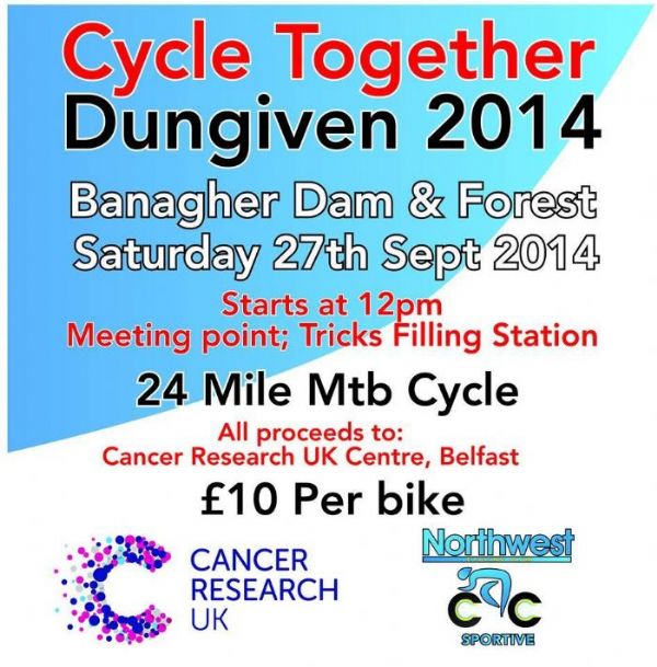 The cycle departs Tricks filling station, The GO station outside Dungiven on the right hand side, at 12pm with a £10 donation per bike going to Cancer Research UK's centre in Belfast. This extremely worthwhile charity is deserving of your support.
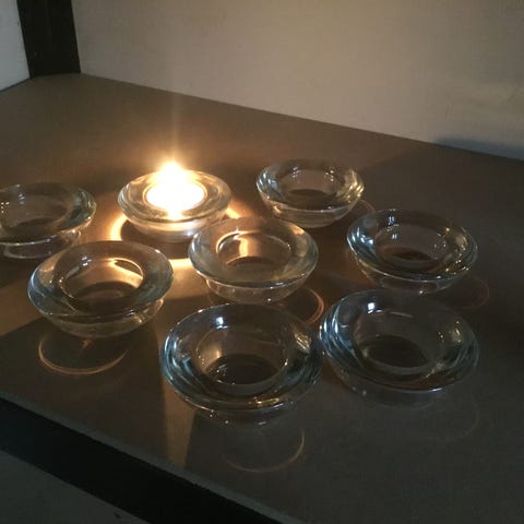 Lyse stager, To høje brugte glas lysestager, til fyrfads lys. H= 45,2cm
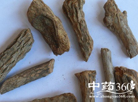 【药材】干燥根呈圆柱状,略弯曲,表面灰棕色,具细纵纹,有多数横向裂隙,支根痕少数。质坚硬,不易折断,断面带破裂状。横切面皮部灰棕色,形成层明显,木部淡黄色,导管群呈放射状,导管清楚,呈小空洞,木射线较导管群窄,呈深黄色。
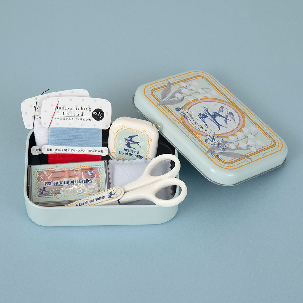 ミニブリキ缶ソーイングセット[ツバメとスズラン]
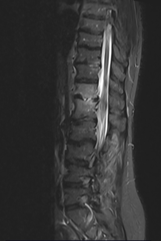 R11. Il est fortement recommandé de réaliser, en IRM, des séquences sagittales en contraste T1, T2 (si possible avec suppression de graisse) et d’associer une injection de gadolinium pour la détection d’abcès et d’une épidurite, et de réaliser une séquence axiale (A1).
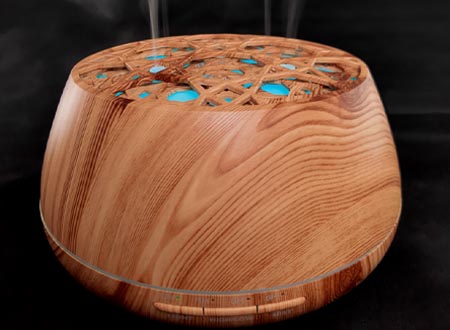 Difusor de Aroma con proyección de luz y parlantes. Contiene conexión Bluetooth para escuchar música desde el celular. También contiene APP para controlar colores e intensidad de aroma. Amplio contenido interno para líquido (hasta 300ml), diseño de proyección y colores variados de iluminación, atractivo formato en simil madera natural vetada. Un producto para disfrutar y relajarse, que no puede faltar en tu hogar u oficina.
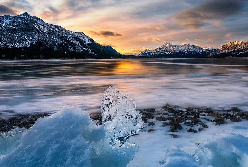 这位是亚伯拉罕湖边上的奇观。一个冬天里,湖水的水位变化,大雪覆盖又被大风吹动,在湖边形成了奇形怪状的冰雕造型。看过了冰泡湖里美丽奇妙的冰泡之后,来到湖边仔细寻找,果然有意外惊喜。
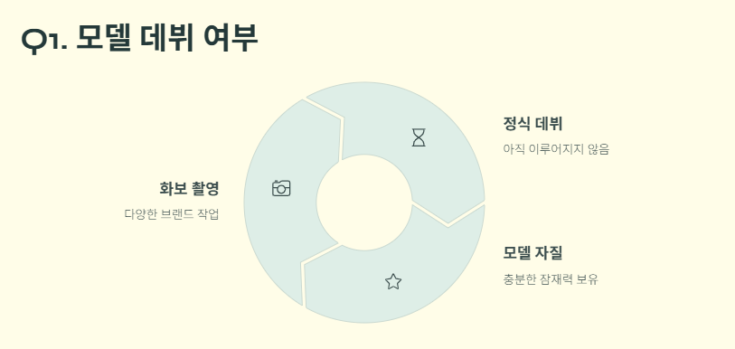 현재로서는 정식 모델 데뷔는 하지 않았지만, 여러 화보 촬영과 방송을 통해 모델 자질을 충분히 보여주고 있습니다. 전문가들은 "현재의 성장세라면, 10대 후반에는 패션계에서 확실한 주목을 받을 수 있다"는 전망을 내놓고 있습니다.
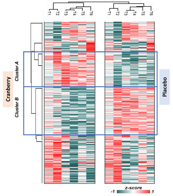 The top 10 key proteins associated with cluster B were lower in the cranberry versus placebo trial.
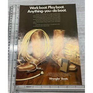 A genuine relic from the 1970s, this Wrangler Boots advertisement highlights their 14" harness boots in natural leather. Boasting a square-toe design and leather interior, it’s an iconic representation of rugged Western charm. Marvel at the high-quality leather and bold branding—a testament to enduring craftsmanship.
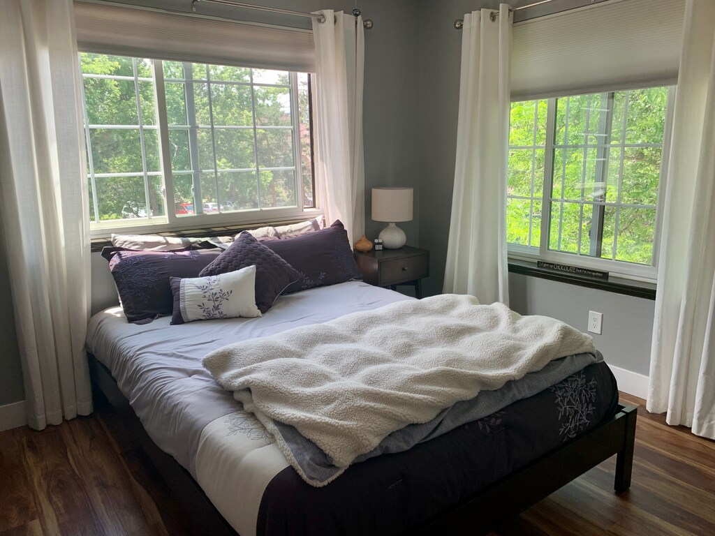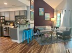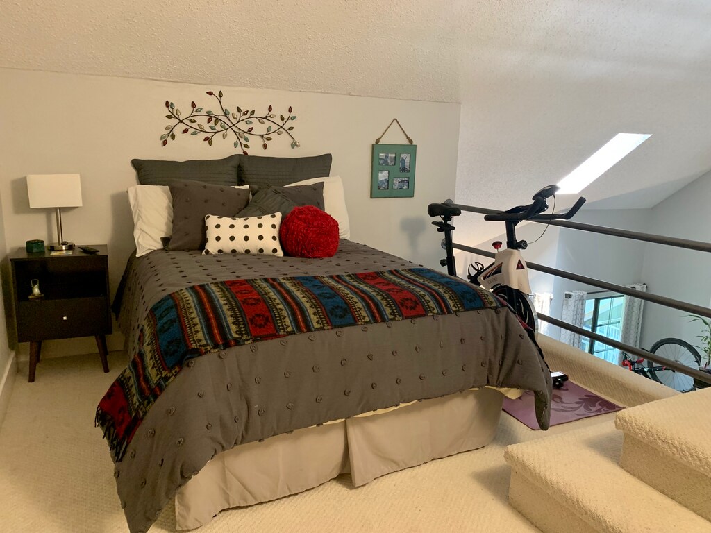 Perfect for a young professional single, or a couple. The condo is 2 bedrooms + 1 bath (second bedroom with french doors good for an office/passion/project room), with an additional upstairs loft (furnished as a guest space). Top floor with vaulted ceilings, skylight, and windows on 3 sides provide ample natural lighting. The entire unit has been updated including all flooring, and a newly remodeled kitchen and bathroom with new countertops, sinks, faucets, appliances, and more. Lots of storage space including an attic, upstairs storage closet, and an additional gear closet just outside the front door.
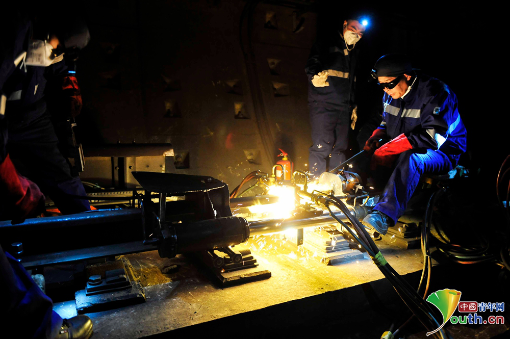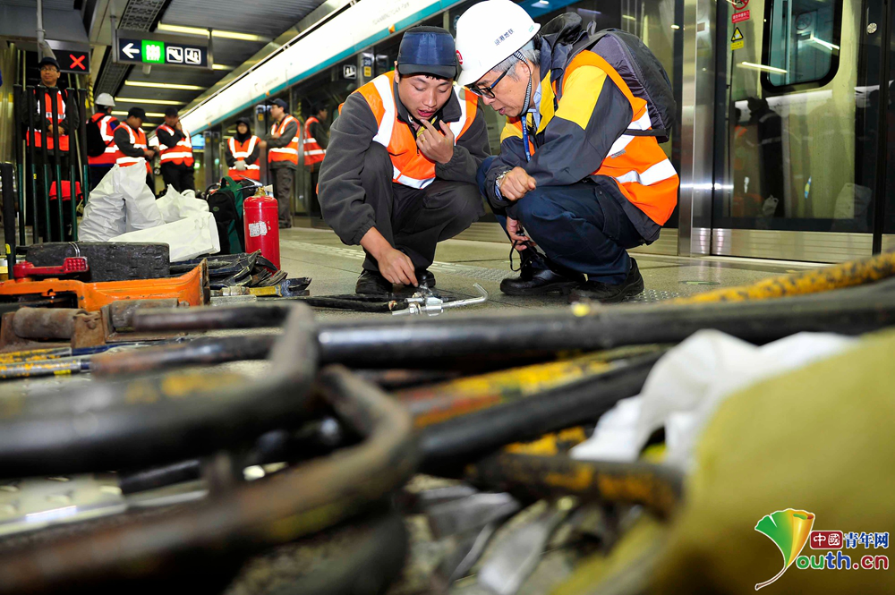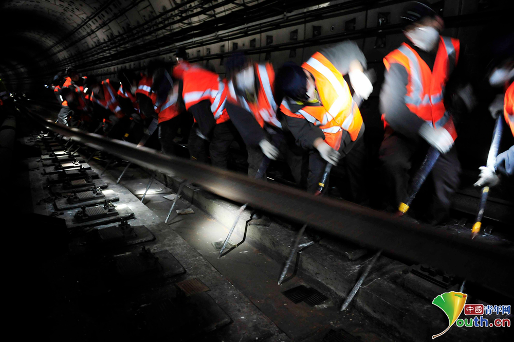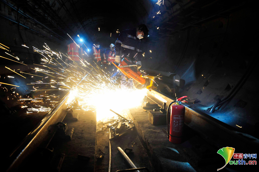 京港地铁工作人员正在更换钢轨。中国青年网记者 刘尚君摄
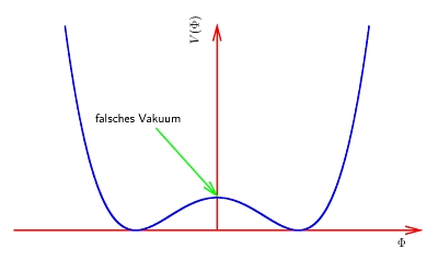Bei Abkühlung driftet der Vakuumzustand wieder in das falsche Vakuum. Dieser metastabile Zustand verhält sich wie ein Niveau niedrigster Energiedichte, hat aber tatsächlich eine Energiedichte, die größer ist, als diejenige des echten Vakuumzustandes. Das echte Vakuum befindet sich in den beiden Mulden des W-förmigen Potentials. Das lokale Maximum des W-Potentialverlaufs entspricht gerade dem falschen Vakuum.
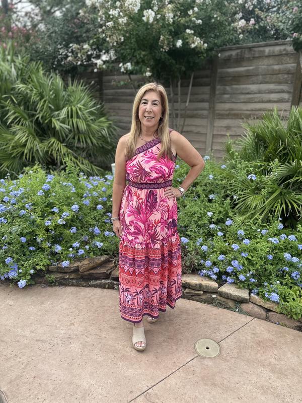 Women's Mixed-Print One-Shoulder Tiered Midi Dress
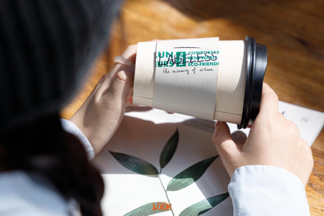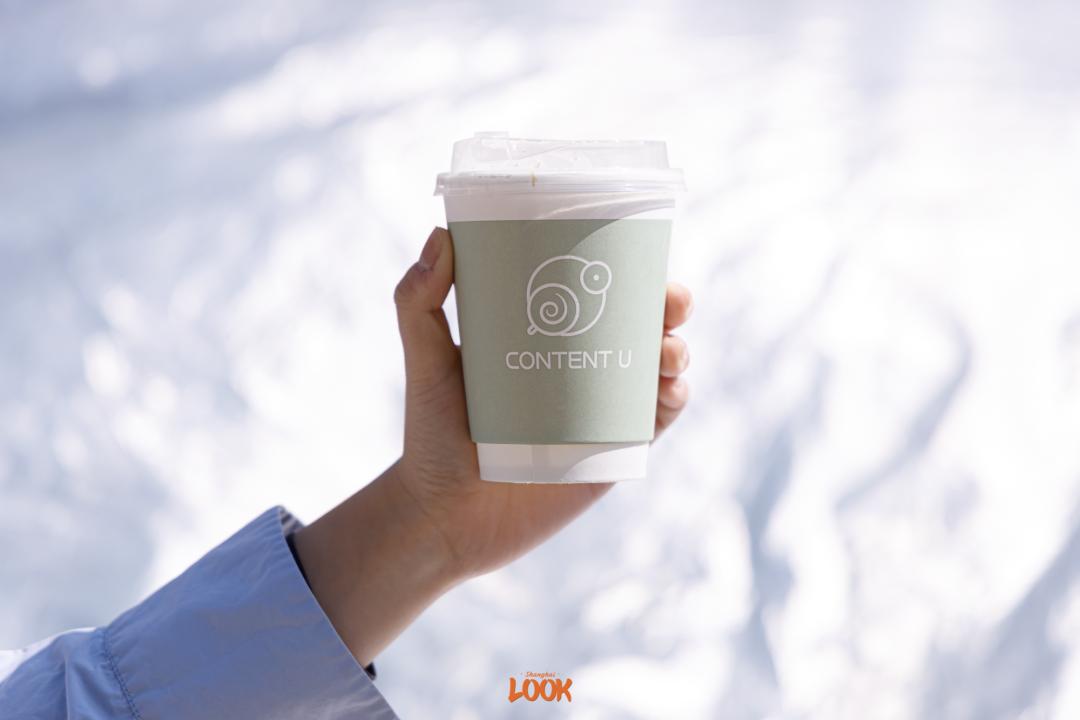 Content U Coffee的杯子是淡淡奶油绿,背面是他们的slogan「苦咖拥抱方糖和牛奶,拥抱你的日出与日落」。
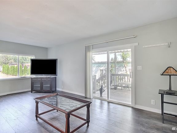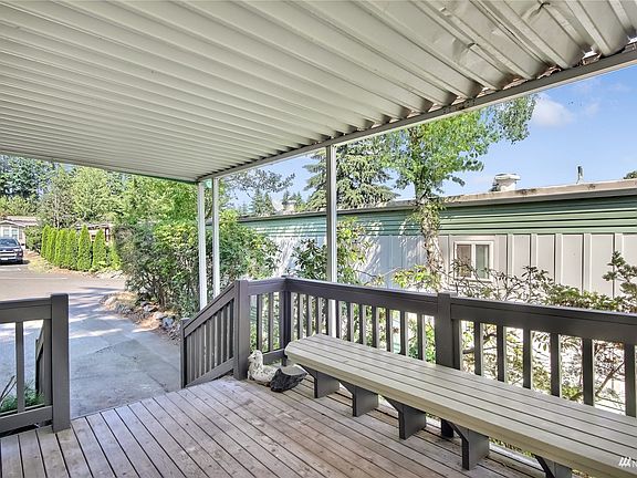 Amazing renovated affordable double-wide located in All Ages Country Club Estate Park! This home is in a prime location nestled off the street but in close driving distance to freeways, restaurants, shopping, and other recreational spots! This home has parking for two cars, a covered deck and beautiful patio space for outside dining. Nice clean interior, 2 bedroom, 2 bath. Primary bedroom has a substantial closet and a half bath. Beautifully updated main bathroom, newer floors and new windows that let in plenty of natural light. Private backyard with storage shed.
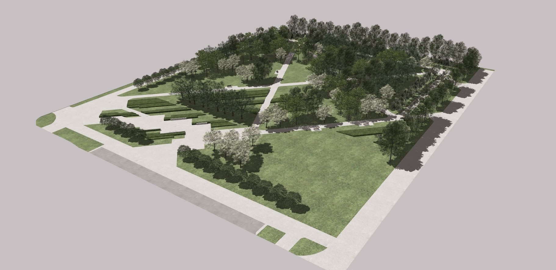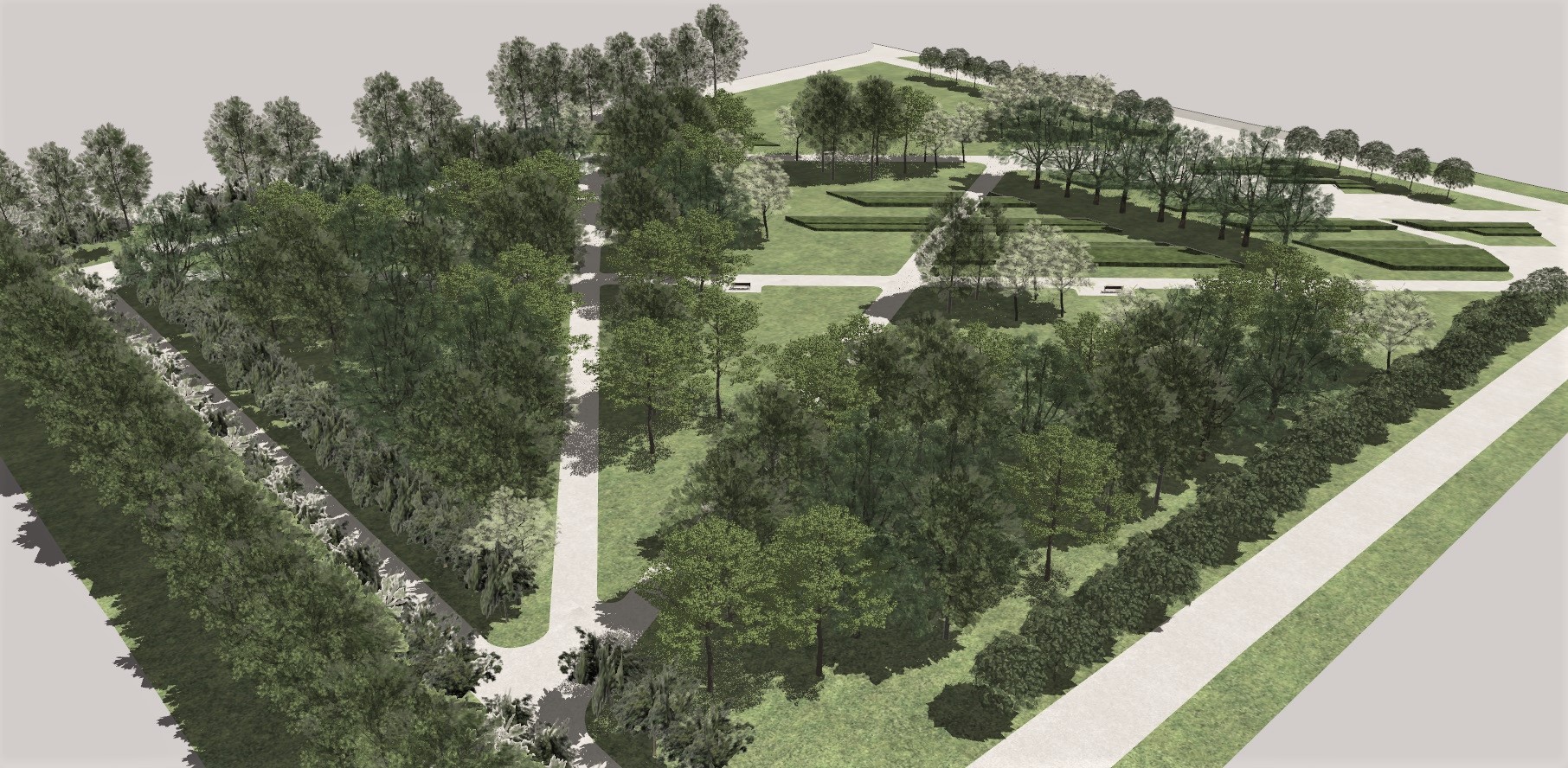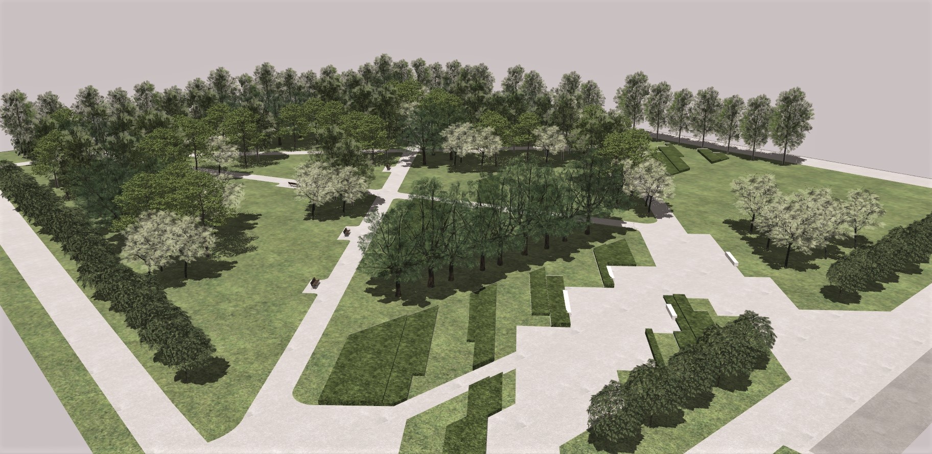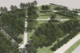 Park będzie nowoczesną przestrzenią rekreacyjną, z alejami, utwardzonymi miejscami z ławkami i stojakami rowerowymi, dużymi nasadzeniami oraz placem na wystawy plenerowe.
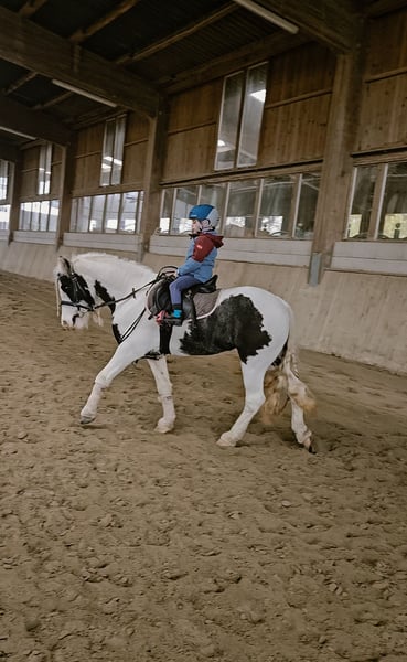 Prachtige, lieve en sportieve Irish Cob pony-merrie te koop, in goede handen voor een verantwoordelijke eigenaar. Flicka is voorzichtig en pas na volledige groei op 4,5-jarige leeftijd aangezad. Ze toont zich zeer leergierig, ijverig, mensgericht en absoluut kindvriendelijk. Ondanks haar kleine formaat kan ze probleemloos ook kleine volwassenen dragen. Ze past zich heel fijn aan haar ruiter aan: - Ze is voorzichtig en betrouwbaar bij kinderen, - goed te controleren vanaf de grond met stemcommando’s, - bij meer ervaren ruiters is ze gemotiveerd, werkwillig en ijverig. Flicka gaat zelfstandig het terrein in, blijft daarbij altijd helder in haar hoofd. Ze maakt ook graag kleine sprongen. Flicka staat onderaan in de hiërarchie in de kudde en is goed te socialiseren. Ik kan haar goed voorstellen als pony voor therapeutisch rijden. - kleine oefeningen zoals ‘balwerpen vanaf de pony’ zijn geen probleem voor haar. - Ook onverwachte bewegingen van de ruiter laat ze rustig toe. - Luidruchtige geluiden vormen geen probleem. - Indien gewenst, kan ze ook wennen aan een rolstoel en andere hulpmiddelen. - Ze kent al kinderwagens, spelende kinderen, tractoren, vrachtwagens, enz., en vindt dat geen probleem. Kleinere voltige- en gymnastiekoefeningen met kinderen zijn al gestart en vormen ook geen probleem. Vanwege haar tinkertypische huidproblemen, die momenteel goed verzorgd en stabiel onder controle zijn – en die wij niet willen verbergen –, wordt Flicka onder de marktwaarde verkocht. ! Voor verenigingen of instellingen die Flicka willen inzetten voor therapeutisch rijden of paardencoaching, is een overdracht tegen een symbolisch koopprijs mogelijk, mits de locatie en het concept overtuigen. Papieren met registratie bij de Irish Cob Society Nederland aanwezig. Wij zoeken een verantwoordelijke plek voor deze prachtige merrie. Plaats gaat voor prijs.
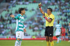 Torreón, Coahuila, 18 de octubre de 2025. Daniel Quintero Huitrón, árbitro central muestra tarjeta amarilla de amonestación a Jesús Ocejo, durante el partido correspondiente a la jornada 13 del torneo Apertura 2025 de la Liga BBVA MX, entre los Guerreros de Santos Laguna y los Esmeraldas del León, realizado en el estadio Corona. Foto: Imago7/ Saul Perales
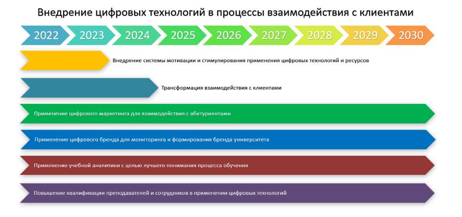 Цифровая трансформация взаимоотношений с клиентами университета состоит во внедрении цифровых технологий в процессы взаимодействия со студентами (учебная аналитика, «цифровые следы») и абитуриентами (цифровой маркетинг – продвижение персонализированных маркетинговых материалов для различных целевых групп: иностранные граждане, «высокобалльники», «целевики» и т.п.). Большое значение имеет и цифровой брендинг, предусматривающий мониторинг восприятия бренда университета, лояльности персонала и студентов, формирование привлекательного имиджа, мониторинг социальных сетей.
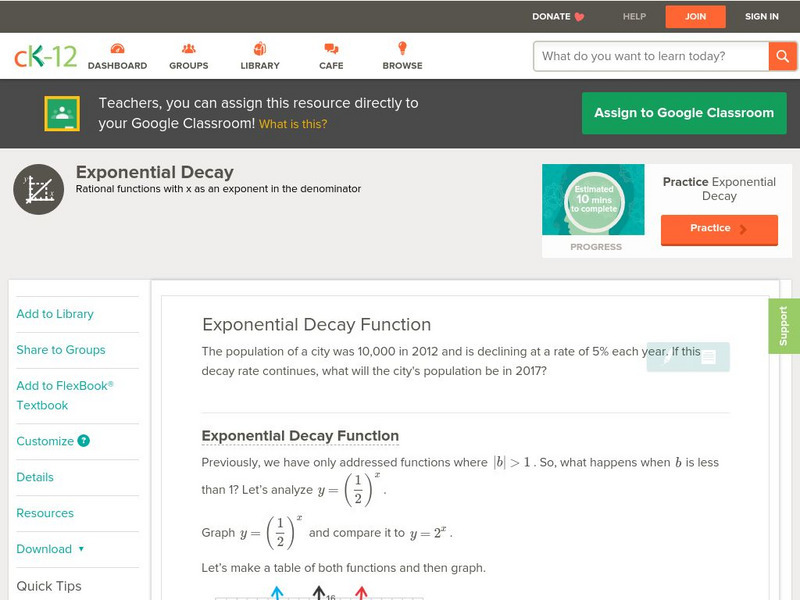 [Free Registration/Login may be required to access all resource tools.] This lesson covers how to analyze and graph exponential decay functions.

══════════

Exercise =
Copy the lines above exactly, starting with the line that contains "Lyse stager, To" and ending with the line that contains "The top 10 key", and leave out any pictures.

Task output =
 Lyse stager, To høje brugte glas lysestager, til fyrfads lys. H= 45,2cm
 【药材】干燥根呈圆柱状,略弯曲,表面灰棕色,具细纵纹,有多数横向裂隙,支根痕少数。质坚硬,不易折断,断面带破裂状。横切面皮部灰棕色,形成层明显,木部淡黄色,导管群呈放射状,导管清楚,呈小空洞,木射线较导管群窄,呈深黄色。
 ミニブリキ缶ソーイングセット[ツバメとスズラン]
 R11. Il est fortement recommandé de réaliser, en IRM, des séquences sagittales en contraste T1, T2 (si possible avec suppression de graisse) et d’associer une injection de gadolinium pour la détection d’abcès et d’une épidurite, et de réaliser une séquence axiale (A1).
 Difusor de Aroma con proyección de luz y parlantes. Contiene conexión Bluetooth para escuchar música desde el celular. También contiene APP para controlar colores e intensidad de aroma. Amplio contenido interno para líquido (hasta 300ml), diseño de proyección y colores variados de iluminación, atractivo formato en simil madera natural vetada. Un producto para disfrutar y relajarse, que no puede faltar en tu hogar u oficina.
 这位是亚伯拉罕湖边上的奇观。一个冬天里,湖水的水位变化,大雪覆盖又被大风吹动,在湖边形成了奇形怪状的冰雕造型。看过了冰泡湖里美丽奇妙的冰泡之后,来到湖边仔细寻找,果然有意外惊喜。
 현재로서는 정식 모델 데뷔는 하지 않았지만, 여러 화보 촬영과 방송을 통해 모델 자질을 충분히 보여주고 있습니다. 전문가들은 "현재의 성장세라면, 10대 후반에는 패션계에서 확실한 주목을 받을 수 있다"는 전망을 내놓고 있습니다.
 The top 10 key proteins associated with cluster B were lower in the cranberry versus placebo trial.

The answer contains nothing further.